For those who deal with SMSFs and life insurance, this is particularly important as the coming year heralds a raft of changes that are set to impact both business functions and client interactions. The below are the top three things the financial industry must be across in 2018:

SMSF transfer balance cap reporting


The ATO recently affirmed its position around SMSF reporting rules, expected to come into effect by 1 July 2018. Under the new regulations, SMSFs with balances of less than $1 million must transition to an annual events-based reporting framework. SMSF members with higher balances will adhere to a quarterly reporting timeframe.  

What this means is an SMSF with a lower superannuation balance is only required to report if events impact their transfer balance account (TBA), falling under the following:

  • SMSFs that begin a new income stream in their superannuation;
  • SMSFs that suspend an income stream in their superannuation;
  • Structured settlement contributions that are received on or after 1 July 2017; and
  • Pension commutations.

These changes come off the back of a push from the ATO to minimise administrative burdens for SMSFs, with the ATO deputy commissioner, James O’Halloran, predicting that this amended approach will see up to “85 per cent of the SMSF population not being required to undertake any additional reporting outside of current annual reporting timeframes for the foreseeable future”.

Reduction of upfront commissions for life insurers

Under the recent implementation of the Life Insurance Framework (LIF), from 1 January 2018 upfront commissions for providers of life insurance advice for new policies will be phased to a capped rate of 80 per cent, reduced again to 70 per cent the following year and settling at 60 per cent from 1 January 2020.

ASIC has noted that the introduction of these commission caps is a measure to deter advisers from providing ineffective and sub-par advice to their clients.

Financial advice education standards

Professional and education standards are under constant review, and regulations will continue to be scrutinised as upcoming changes are implemented. As it stands, planners have varying levels of qualification, different levels of experience and different backgrounds and pathways – this is set to change dramatically and the quick-and-cheap avenues to become a financial planner, such as online short courses will become a thing of the past. 

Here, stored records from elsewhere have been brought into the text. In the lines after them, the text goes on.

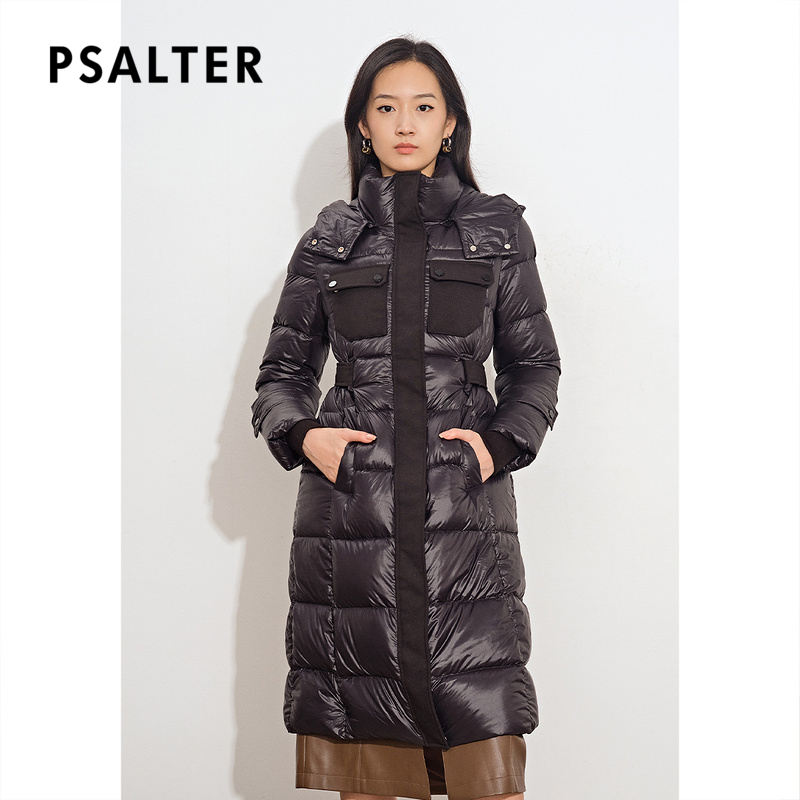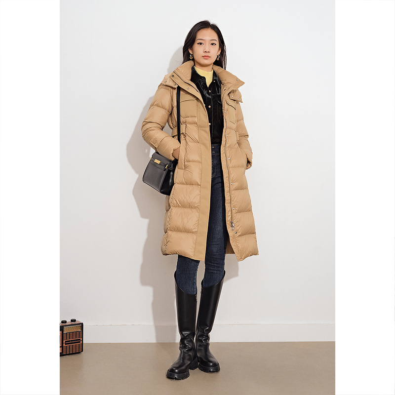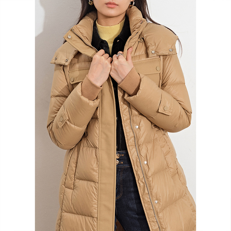 Poetic beauty dress 2021 Winter new medium long version collection waist white duck suede Even cap down jacket woman
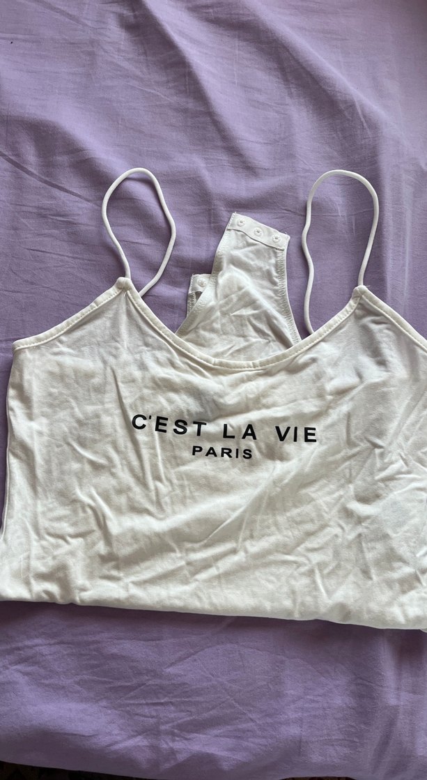 Beyaz pamuklu atlet, ince askılı, dantel detaylı ve önünde "PARIS CEST LA VIE" baskılı, günlük şık sokak stili için uygun.
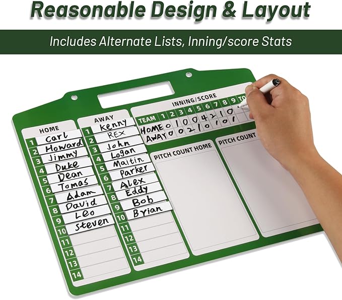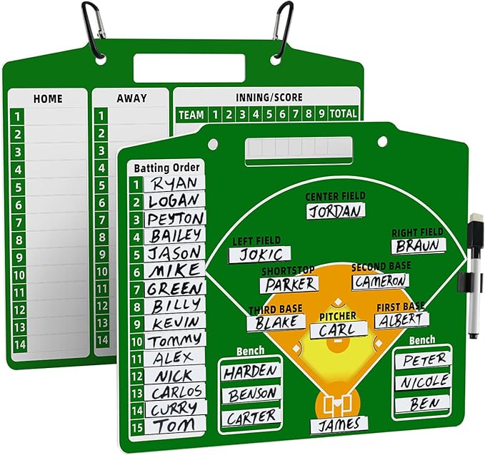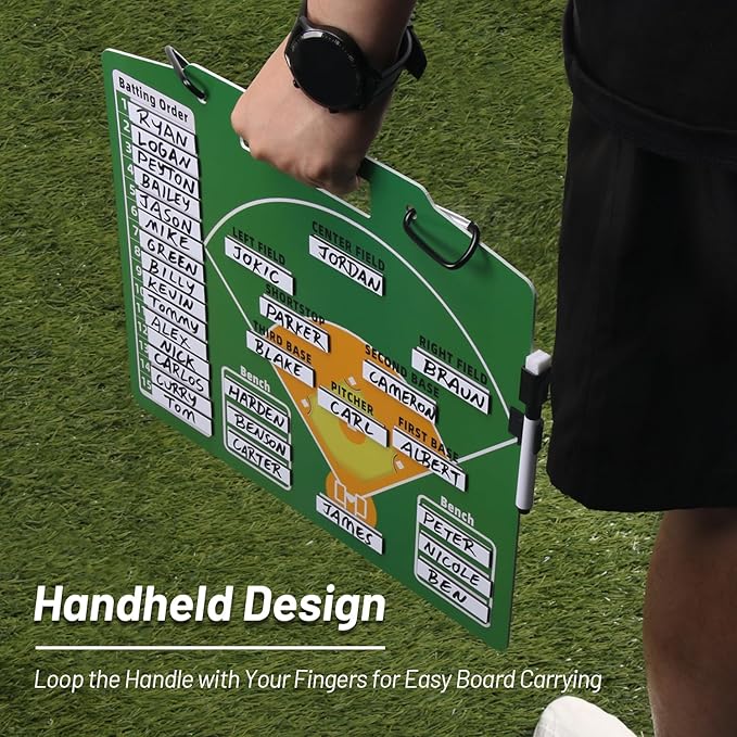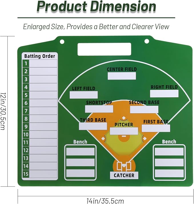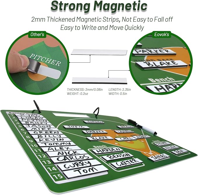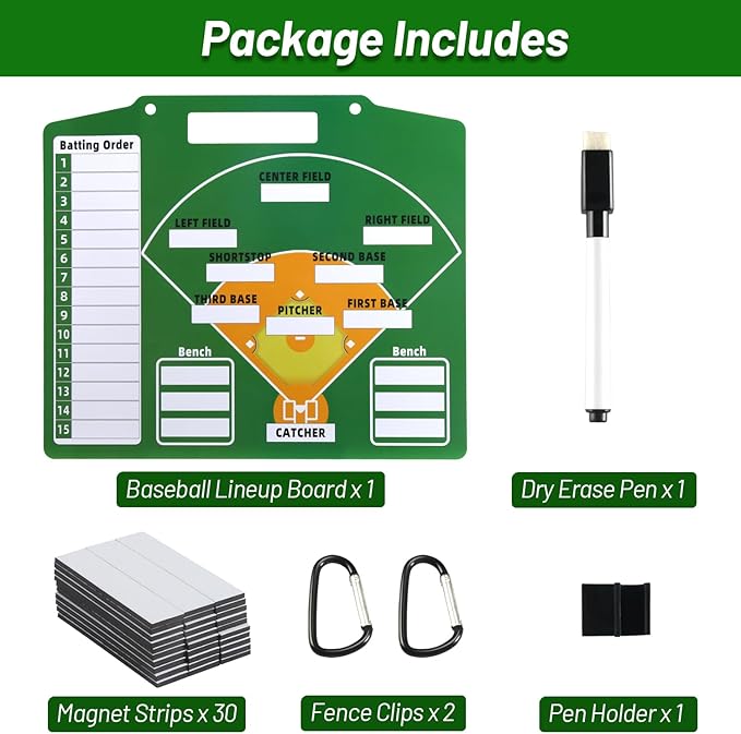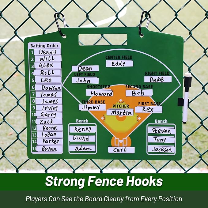 - Easy Carry with Strong Magnet tabs, Hooks and Dry Erase Pen with Holder: Our baseball coaching accessories has dry erase pen with holder, strong magnet tabs and hooks, which is easy to carry to the baseball field or outfield to hang on the fence and strong magnet tabs doesn't come off easily on a baseball lineup board.

While changes won’t come into effect next year, from 1 January 2019 new advisers will be required to hold a ‘relevant’ degree and there will be four key criteria that will need to be addressed in order to be deemed able to practice under the new regulations: 

  1. A degree as approved by the independent body;
  2. Completion of a professional year, as prescribed by the independent body;
  3. Complete or pass a registration exam; and
  4. Be subject to an approved code of ethics.

For existing planners, key criteria will need to be met, including adherence to continuing professional development and being subject to a code of ethics.

This will be a space that new and existing planners should watch with interest as details are still being worked out and it is likely that changes will be made in the lead up to implementation.

The way in which financial planners and advisers pre-empt and respond to these key regulatory changes as they come into effect will be important for success in the new year.

It is vital that you are up to date with incoming changes affecting not only the areas in which you operate, but also your own professional development, as the financial services industry is at the forefront of great change.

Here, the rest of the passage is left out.